Former student: “Teachers that sometimes break out into song are never boring”

Brian Bech Nielsen says that he misses his teaching, and former students describe him as a very lively teacher.

Even though it’s quite a few years since 2005, when Jakob Arendt Rasmussen was a second-year PhD scholar of Physics at iNANO, he still clearly remembers being taught an autumn semester of quantum mechanics by Brian Bech Nielsen.

“He was really lively, and teachers like Brian who sometimes break out into song are never boring. He was always in good spirits, knowing that the subject he taught was highly abstract.”

After the breaks Bech Nielsen sometimes started a new session by shouting the words: “I feel good!”

“This was a great way to grab our attention and call us to order,” explains Jakob Arendt Rasmussen. He also describes Bech Nielsen as “a great communicator” and a very pleasant person.

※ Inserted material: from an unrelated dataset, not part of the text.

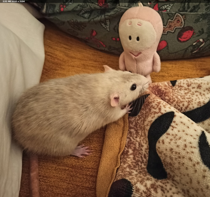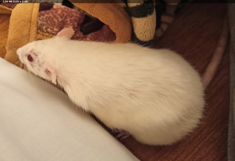 Добра всем. Собрался вот только сегодня, тяжело делиться грустными новостями. В январе не стало нашей серенькой Нюши, а 24 февраля, немного перейдя свои два годика ушла белая Сливушка. После лечения в ноябре прошлого года она себя хорошо чувствовала, двигалась, играла, общалась, словом не было никаких проблем ни с чем. Кушала хорошо, и в тот вечер дочка после общения с малышами вышла из комнаты, через какое-то время вернулась, а Сливушка лежит на боку, лапки как будто бежит, и без признаков жизни. Ничего её не мучило.. Не было никаких слышимых звуков, ничего. Просто за какое-то очень короткое время. Жаль нашу толстушку, теперь вот жду, по весне в лесу схороню, были при жизни вместе, пусть и дальше будут рядом, там наши питомцы лежат... Осталась в одиночестве чёрная Лунушка, знаем, что ей одной скучно, я пытаюсь убедить взять пару малышей, она старается уделять  внимание, но дочка сказала, что вряд ли будет брать ещё крысок, радости они много дают, но очень тяжело провожать их... Счастливые люди, кто увлечён этими маленькими умными чудиками, у кого есть время и возможность... Всем добра, счастья, здоровья питомцам!
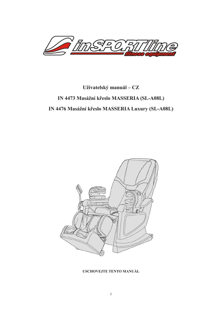 Uživatelský manuál – CZ IN 4473 Masážní křeslo MASSERIA (SL-A08L) IN 4476 Masážní křeslo MASSERIA Luxury (SL-A08L) USCHOVEJTE TENTO MANUÁL 1 Děkujeme Vám za zakoupení tohoto výrobku. Pro správné používání výrobku si před jeho prvním použitím přečtěte tento manuál. Nejdůležitější je dodržování bezpečnostních pokynů. Uschovejte manuál pro případ další potřeby. Poznámka: Naše společnost si vyhrazuje právo měnit vzhled a popis výrobku bez předchozího upozornění. Barva výrobku se může také lišit. Obsah Pokyny týkající se bezpečnosti a údržby................................................................................................................. 3 Názvy a funkce jednotlivých dílů............................................................................................................................ 5 Funkce a účinnost.................................................................................................................................................... 5 Způsob používání .................................................................................................................................................... 6 Popis výrobku ....................................................................................................................................................... 13 Záruční podmínky, reklamace ............................................................................................................................... 15 2 Pokyny týkající se bezpečnosti a údržby 1. Důležitá bezpečnostní upozornění • Zabraňte dětem kontaktu s pohyblivými částmi křesla. • Používejte napájecí kabel navržený pro tento výrobek a řádně jej uzemněte. • Předcházejte zraněním a poškození křesla tak, že po použití a před čištěním vytáhnete zástrčku napájecího kabelu. • Křeslo používejte pouze tak, jak je popsáno v manuálu. • Nepoužívejte žádné příslušenství, které není doporučeno. • Nepoužívejte křeslo ve venkovním prostředí. • Před použitím si přečtěte řádně tento manuál. • Používání křesla způsobem, který není uveden v tomto manuálu, je zakázáno. • Doporučujeme používat křeslo vždy po dobu 15 minut. • Křeslo nepoužívejte, je-li kůže jakkoliv poškozena. • Křeslo nepoužívejte, je-li potah či kůže poškozena. • Křeslo nepoužívejte, je-li větrací otvor zakrytý nebo jakkoliv zamezeno správnému větrání. • Na křeslo nepokládejte žádné předměty. • Neusínejte během používání křesla. • Křeslo nepoužívejte v případě, že jste předtím požili alkohol nebo se necítíte dobře. • Křeslo nepoužívejte nejméně jednu hodinu po jídle. • Předcházejte zranění a nepoužívejte příliš intenzivní masáž. 2. Umístění masážního křesla • Nepoužívejte křeslo při vysoké okolní teplotě a ve vlhkém prostředí, jako je např. koupelna. • Nepoužívejte křeslo bezprostředně po změně okolní teploty. • Křeslo nepoužívejte v prašném či jakkoliv nepříznivém prostředí. • Okolo křesla je třeba zajistit dostatečný volný prostor pro větrání. 3. Lidé, kteří by neměli křeslo používat • Křeslo by neměli používat lidé trpící osteoporózou. • Křeslo by neměli používat lidé trpící srdečním onemocněním nebo lidé, lidé s elektronickými implantáty jako je např. kardiostimulátor. • Křeslo by neměli používat lidé se zvýšenou tělesnou teplotou. • Těhotné ženy nebo ženy v období menstruace by neměly křeslo používat. • Zranění lidé a lidé s onemocněním kůže by neměli křeslo používat. • Děti mladší 14 let nebo lidé mentálně postiženi by neměli křeslo používat bez dozoru. • Křeslo by neměli používat lidé, kteří mají od lékaře doporučený klidový režim a lidé, kteří se necítí dobře. • Nepoužívejte křeslo, není-li Vaše tělo zcela suché. • Lidé citliví na teplo by neměli křeslo používat. • Povrch křesla je zahříván, proto musí být lidé citliví na vysokou teplotu opatrní při používání křesla. 4. Bezpečnost • Ujistěte se, že má elektrický zdroj vhodné napětí. • Nezapojujte zástrčku mokrýma rukama. • Do křesla se nesmí dostat voda, aby nedošlo k úrazu elektrickým proudem či poškození výrobku. • Dbejte na to, aby nedošlo k poškození kabelů a neupravujte elektrický obvod křesla. • K čištění elektrických částí jako je vypínač a zástrčka nepoužívejte vlhký hadr. • Nepřibližujte se ke křeslu, dojde-li k dočasnému přerušení přísunu elektrické energie a předcházejte tak zraněním. • Jestliže křeslo nefunguje správně, přestaňte jej používat a obraťte se na servisní centrum. • Jestliže se necítíte dobře, přestaňte křeslo používat a poraďte se s lékařem. 3 5. Údržba • Údržbu by měli provádět pouze kvalifikovaní servisní technici. Uživatelé by se neměli pokoušet křeslo rozebírat či provádět údržbu sami. • Nezapomínejte po použití vypínat napájení. • Nepoužívejte přístroj, je-li poškozená zástrčka kabelu či zdířka. • Jestliže se nebude křeslo po delší dobu používat, smotejte kabely a umístěte jej do suchého a čistého prostředí. • Nevystavujte křeslo vysokým teplotám, neumisťujte jej v blízkosti ohně a předcházejte dlouhodobému působení přímého slunečného záření na křeslo. • Čistěte křeslo pouze suchou látkou. Nepoužívejte ředidlo, benzen, ani alkohol. • Mechanické části křesla jsou speciálně navrženy a vyrobeny tak, že nevyžadují žádnou mimořádnou údržbu. • Dávejte pozor, aby nedošlo k poškození křesla předměty s ostrými hranami. • Neposouvejte křeslo po nerovném povrchu, vždy jej

“You have to actually BE Brian to lecture in his own particular style,” he concludes.

A teacher who cared

The fact that Bech Nielsen wasn’t afraid to break out into song in the middle of a lecture is confirmed by Jens Holbech, who is now a senior consultant at the dean’s office of Science & Technology.

“He sometimes sang a whole song a cappella. We loved it – and he actually has a really good voice!”

Jens Holbech was taught solid state physics by Brian Bech Nielsen back in the 1990s, and he also describes him as a teacher who cared.

“If anyone was absent from his lectures a couple of times in a row, he sometimes asked them in the break whether they were doing alright, or whether they needed any help.”

“I also remember him as a hugely enthusiastic and ambitious teacher who was always well prepared and very anxious that we should get something out of his lectures. He was a good communicator, you could sense that he’d thought a lot about the best way of presenting his material, and he’d clearly used the experiences and feedback gained from previous lectures. He dared to show us who he was, so we got an impression of the man behind the teacher’s mask.”